# I can't buy any good brands of butane.



## the kid (Mar 6, 2009)

Hi,
I just registered here and I need some help.
I own several Zippo's and decide to buy some butane lighters as well, a Ronson jet lite and a Yibao (Chinese I think) lighter.









_the Yibao lighter Model:YB-9819 (all metal, normal flame)_

I did some extensive research on this and other fora and got a list of good butane brands to use in my new lighters:
Vector 
Xikar
Lava
King

But I live in the Netherlands and can not get these four brands here at all.
Not on Ebay or via any other online shop.The US shops won't ship it to me, and the European shops don't sell it. :mmph:

I know Colibri is also considered a good fuel here but Colibri just went bust, and is very expensive.

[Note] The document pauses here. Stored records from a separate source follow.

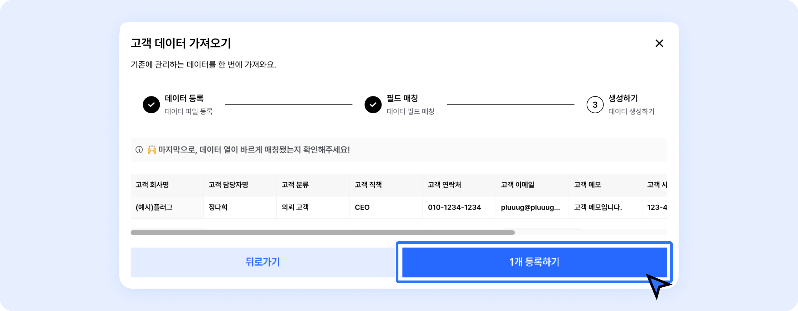 예를들어, [고객] 데이터 안에서는 '담당자명', '이메일', '연락처' 등이 될 수 있어요.
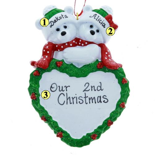 Customize this Polar Bear couple ornament with the names of your loved ones. It features two polar bears dressed in red and green winter attire with a big heart below them. Measures 4 inches in height.Â
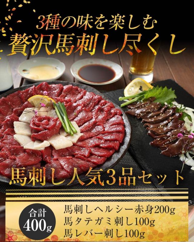 馬刺し ギフト 馬刺し 赤身200g レバー刺し100g タテガミ刺し100g セット送料無料 馬刺し レバ刺し タテガミ合計400のセット衛生検査合格品 お取り寄せ お試し
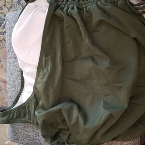 Viottiset One Shoulder Ruched Tummy Control High Cut Army Green Swim Suit SZ XL
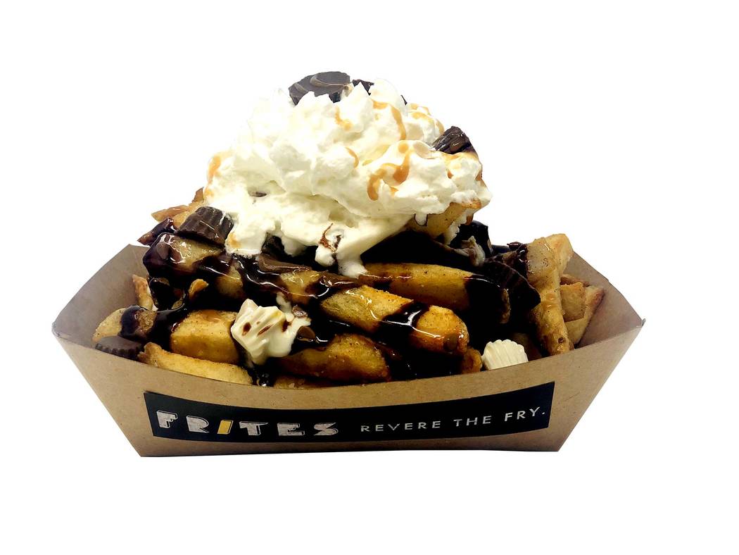 Frites, Excalibur, friteslasvegas.com: Trick or Treat Fries, which are french fries sprinkled with peanut butter cups, chocolate sauce, marshmallow and malted whipped cream, $9, Saturday through Thursday.
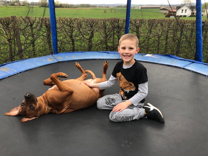 Er war bei uns zu Hause und hat sich dort sowohl im Umgang mit unseren Kindern als auch mit unserem anderen Hunden sehr freundlich und gleichzeitig unglaublich souverän verhalten. Man hat das Gefühl,
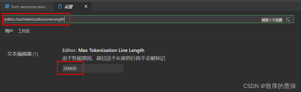 Be careful : If the following error occurs : For performance reasons , Skip tokenization for long lines . The length of a long line can be determined by “editor.maxTokenizationLineLength” To configure .
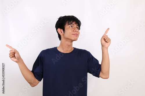 Happy asian young man standing while pointing on both side. Isolated on white background
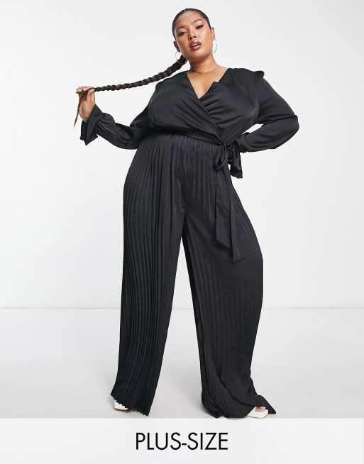 In The Style Plus - Exclusives - Geplooide, satijnen jumpsuit met wijde pijpen, overslag en riem in zwart
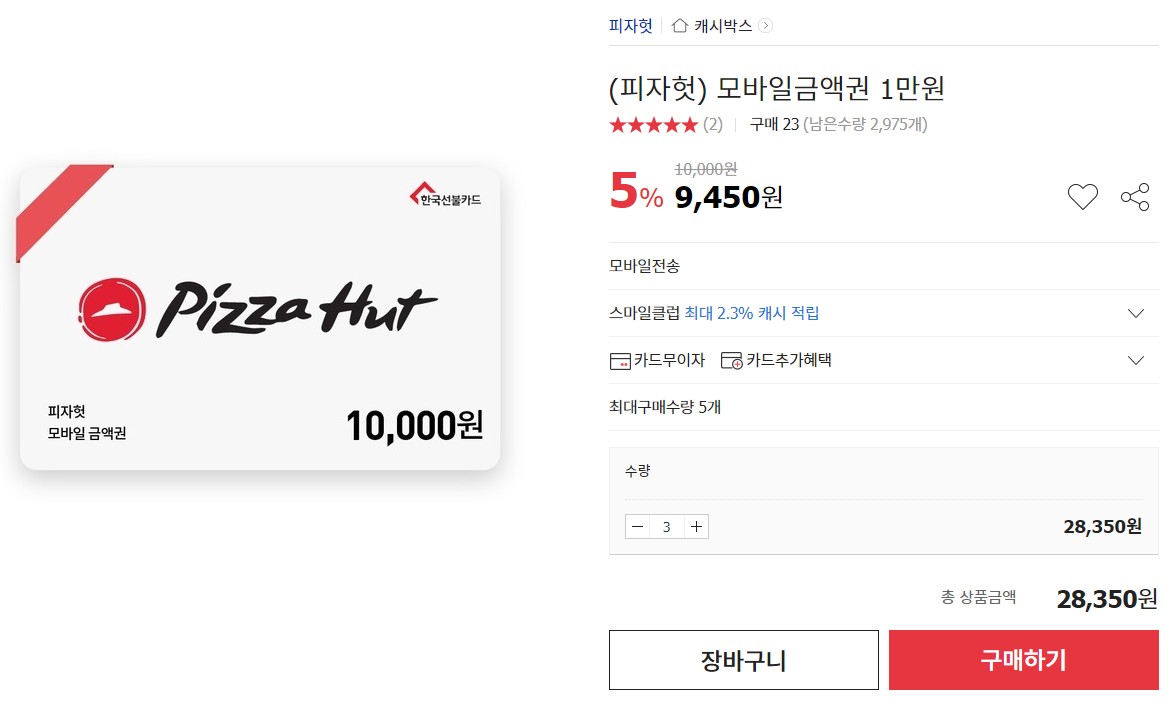 아래와 같이 피자헛 모바일금액권을 상시 5프로정도로 판매 중이다.
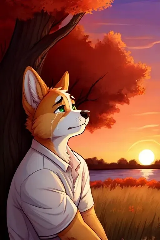 You and James normally head out every Thursday after he leaves the gym. You were meant to meet up and get ice cream, but today he wasn't there and isn't reading any texts. You asked your roommate and mutual friend, David, where James was, since they both go to the gym. He said that James left early and might be at that spot in the woods he likes. Thinking it was worth a shot, you head over and start hearing some quiet sobs. James Walker is a 20-year-old corgi and your childhood best friend in college, pursuing a music theory degree. He always seems conflicted around you. David Cook is a 20-year-old deer, another childhood best friend in college and your dorm mate, studying biomedical engineering. He's a chill dude, friends with James, and goes to the gym with him. He mentioned that James left the gym early, which was weird.James was alone in the woods on the east side of town, crying while mumbling, "Why can't I just be normal..." to himself over and over again. The afternoon sunlight filters through the trees, casting dappled shadows across his trembling form. The air smells of pine and damp earth after last night's rain.
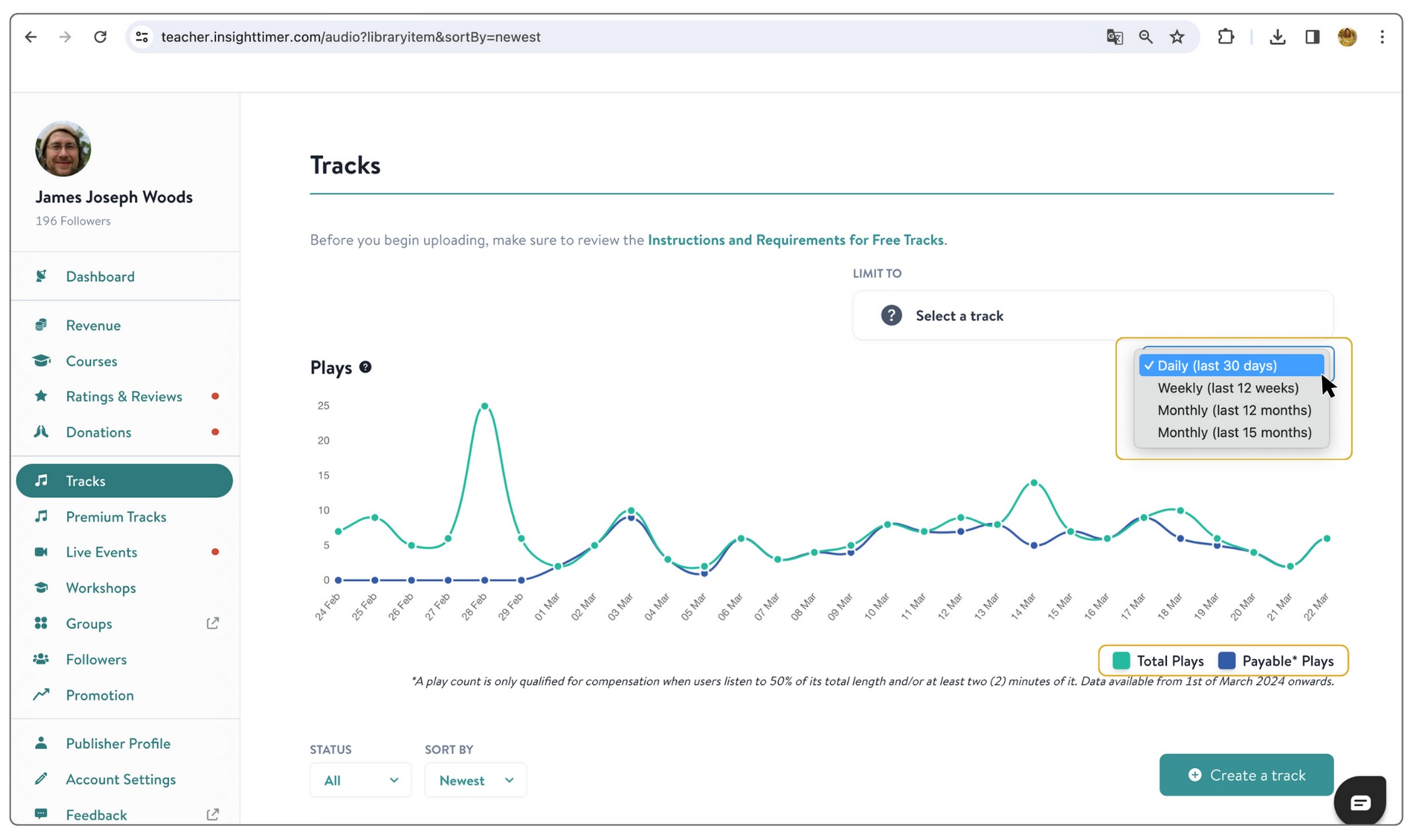 You can view both the total number of plays and the number of payable plays for your tracks. Understanding these two distinct metrics is essential for teachers seeking payment and tracking community engagement:
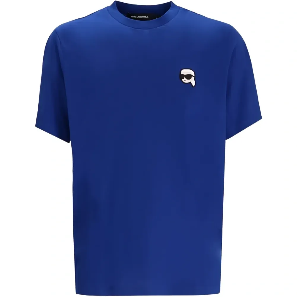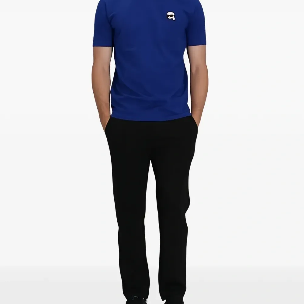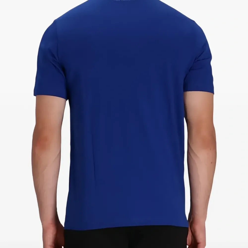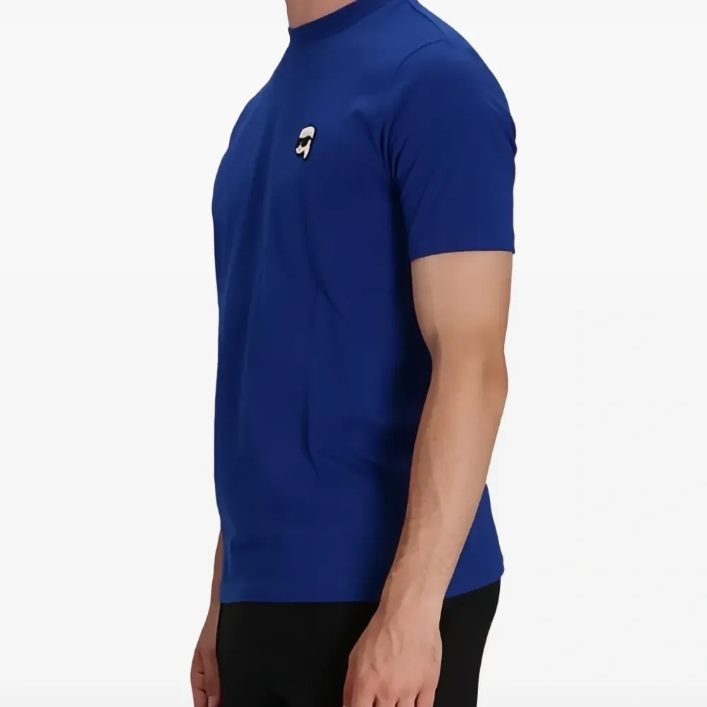 ярко-синяя футболка с круглым вырезом, нашивкой-логотипом и короткими рукавами
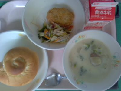 ~ミルクロール、鮭キャベツカツ、野菜と海藻のナムル、さつまいもシチュー、牛乳~
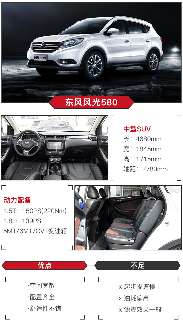 小结:风光580的空间可圈可点,动力组成多样但表现还有待提高,配置虽不是最丰富但也不逊色,综合而言是不失为一个不错的选择。

I found some other brands but I don't know if they are any good.
Blazer
Nibo
Zippo

What other brands can you recommend to me?

Is Zippo butane any good and triple refined?
Also Zippo fuel is available in two colours, red and blu.?

Thanks very much in advance.:smile:


----------



## Andy (Mar 23, 2008)

I always use ronson never had ant trouble with my triple flame colibri have about 5 years


----------



## ashmaster (Oct 10, 2008)

IMO, I would say any manufacturer should be fine as long as the fuel has been at least triple refined.


----------



## Andy (Mar 23, 2008)

by the way nice lighter


----------



## the kid (Mar 6, 2009)

ashmaster said:


> IMO, I would say any manufacturer should be fine as long as the fuel has been at least triple refined.


That's also a problem, how do I know which brands are triple refined?


----------



## ashmaster (Oct 10, 2008)

the kid said:


> That's also a problem, how do I know which brands are triple refined?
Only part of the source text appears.